Book Reviews--South Asia
In this remarkable book Partho Datta achieves many things: he compresses 140 years' worth of city history into 332 pages, and in so doing he corrects a substantial shortfall in India's colonial urban history. Around other, much smaller, cities there is a growing historiography.32The absence of the "Second City of Empire" from this list has long been a frustration to scholars of colonial India, and an affront to this (once) proud Bengali city. As the author points out in his introduction, Kolkata's present urban landscape leads many to assume that the city has next to no urban planning; this book proves without doubt that the city was not only "severely" (p. xiii) planned, but that it was often the first to experiment with forms of planning that later spread to other Indian cities.

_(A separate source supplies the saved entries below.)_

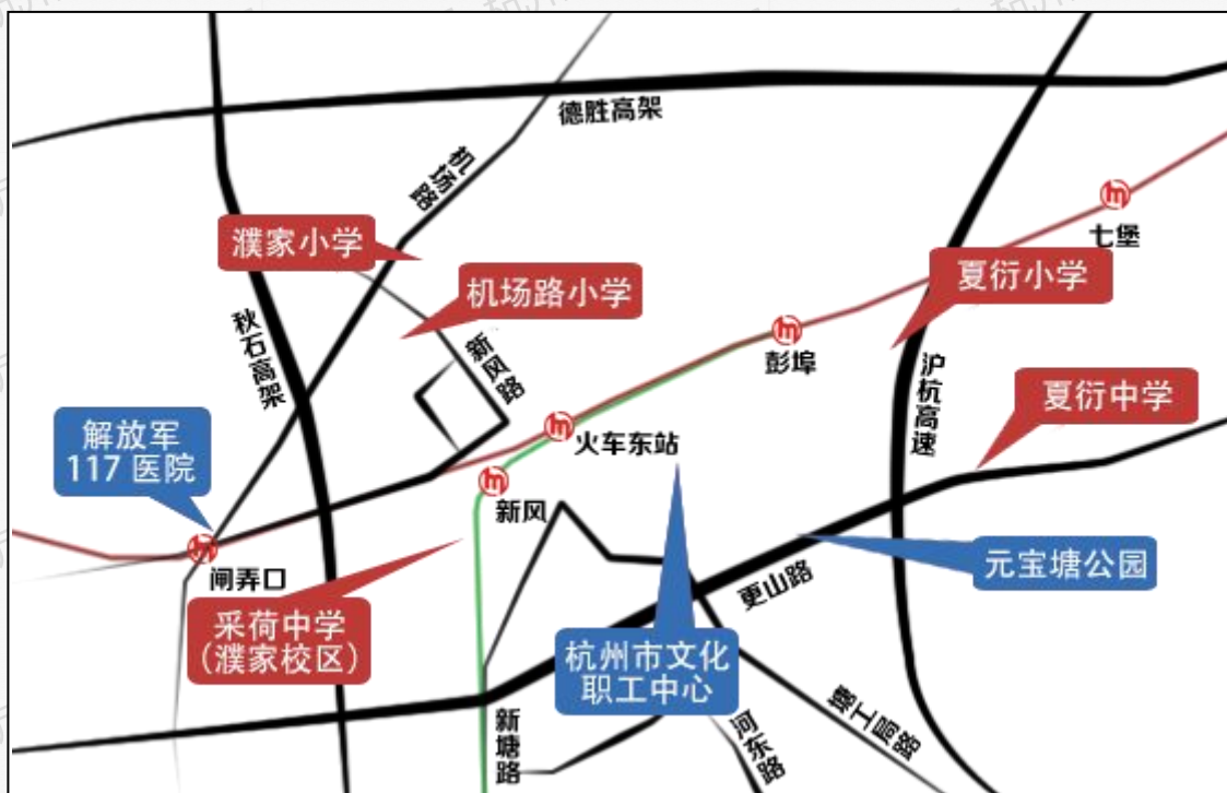
(城东新城主要配套图)

地铁： 1 号线经过站点（火车东站、彭埠站点）；4 号线经过站点（彭埠、火车东站、新风站点）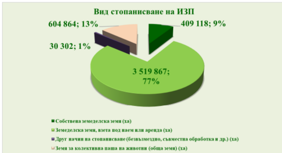
Фигура 12. Вид стопанисване на ИЗП

Отчита се, че през 2020 г. само 9% от общо използваната земеделска площ е собствена земя.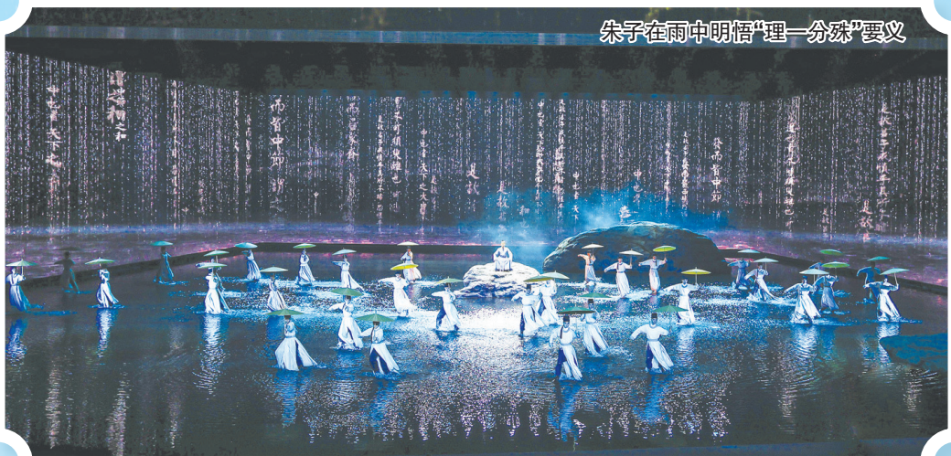
朱子在雨中明悟“理一分殊”要义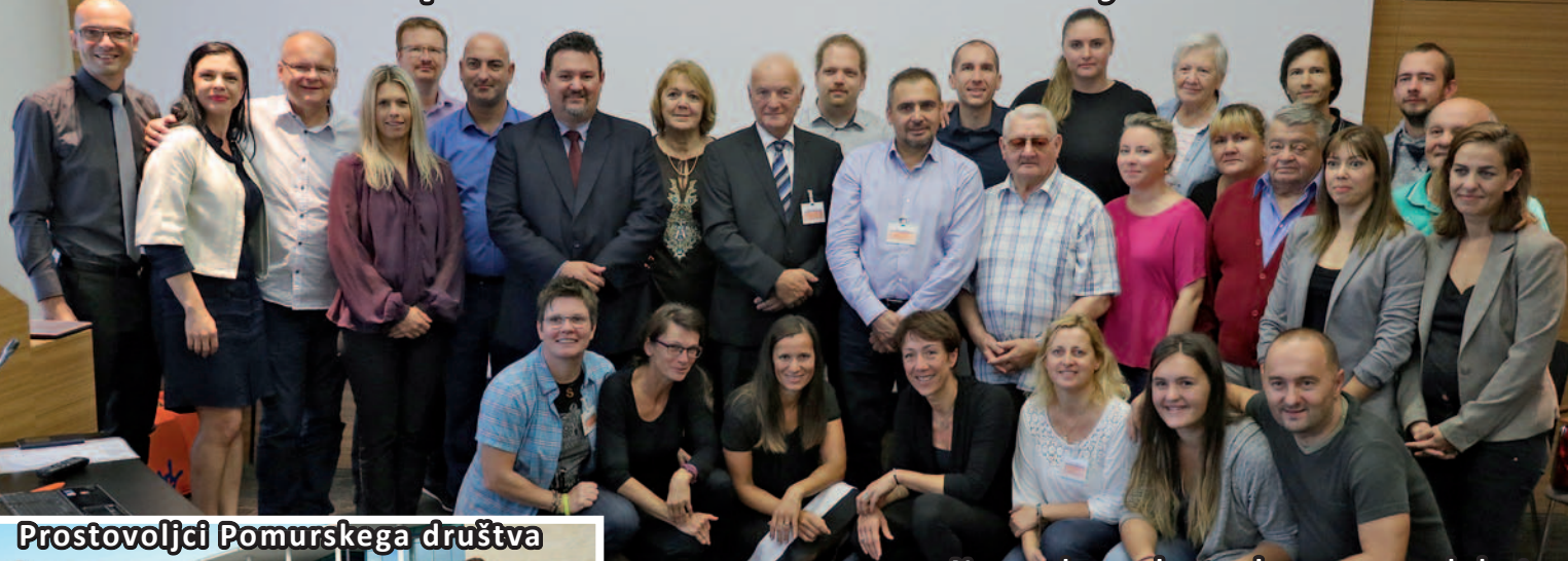
Prostovoljci Pomurskega društva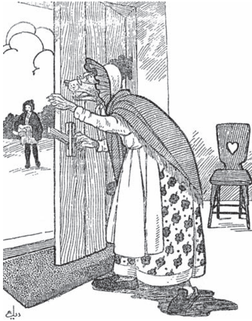
الذئبُ خَلَفَ الْبَابَ يَنْتَظِرُ «لَيْلَى».

أَرَادَ أَنْ يَنْتَظِرَ «لَيْلَى» وَأَنْ يَسْتَهْزِئَ بِهَا، وَهُوَ فِي صُورَةِ جَدَّتِهَا. نَهَبَ الذَّئْبُ إِلَى الْبَابِ، وَوَقَفَ خَلْفَهُ، يَنْتَظِرُ حُضُورَ «ذَاتِ الرِّدَاءِ الْأَحْمَرِ». لَمْ يَرَ الْجَدَّةَ، وَلَمْ يَسْمَعْ صَوْتَهَا، فَتَأَكَّدَ لَهُ أَنَّهَا نَائِمَةٌ فِي إِحْدَى حُجَرَاتِ الْمَنْزِلِ. كَانَ الذَّئْبُ، بَيْنَ حَيْنٍ وَحَيْنٍ، يَنْظُرُ مِنْ خَلْفِ الْبَابِ إِلَى الطَّرِيقِ.. فَلَمَّا لَمَحَ «لَيْلَى» — آتِيَةً عَلَى بُعْدٍ — اسْتَعَدَّ لِيَلْقَاهَا، وَيُوْهِمَهَا أَنَّ جَدَّتَهَا الْعَجُوزَ، حِينَ تَرَاهُ فِي مَلَابِسِهَا، يُقَلِّدُ صَوْتَهَا.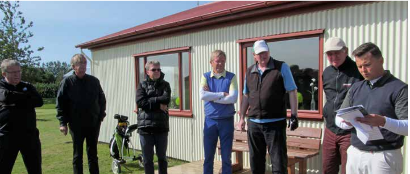
Keppendur í meistaramóti lögmanna rétt fyrir ræsingu á Garðavelli á Akranesi.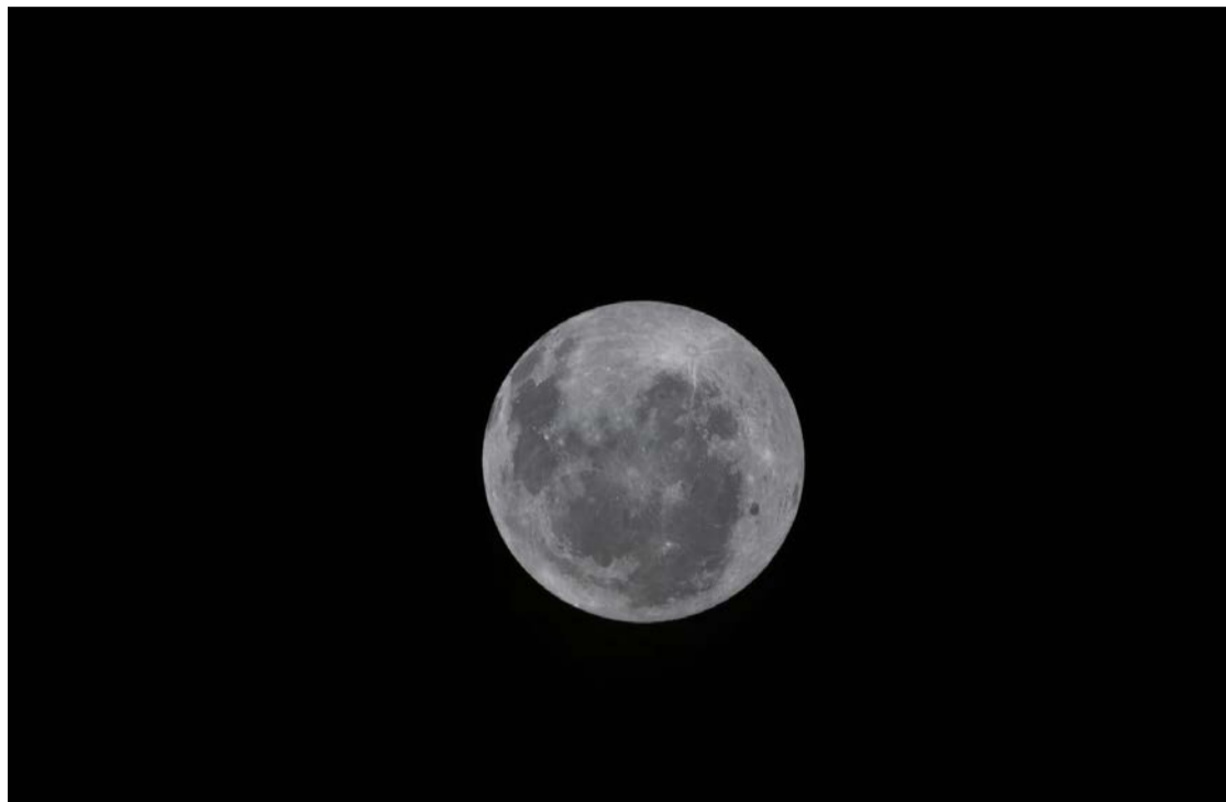
Registro mostra uma parte da bacia Oriental, algo nunca antes observado diretamente por seres humanos

A tripulação é composta pelos astronautas Reid

Datta draws on three particular archives to make this clear: the workings of the Lottery Committee from 1817, the Fever Hospital Commission files from the 1830s, and the reports of the Calcutta Improvement Trust (CIT) from 1911. The richness of the files, and the unpretentious but informed and insightful tone of Datta's writings, provides a rich and accessible history of town planning in Calcutta, with three recurring themes. First, the connections between colonial planning and public health; secondly, the shift from laissez-faire to interventionist government strategy; and, finally, the role of planning in stabilizing the economy of the city. The tension raised by the ambition of this scope for a history that is explicitly focused on "planning the city" is not entirely resolved, but this is a minor failing in an expansive and informative work.
The book has five empirical and chronologically...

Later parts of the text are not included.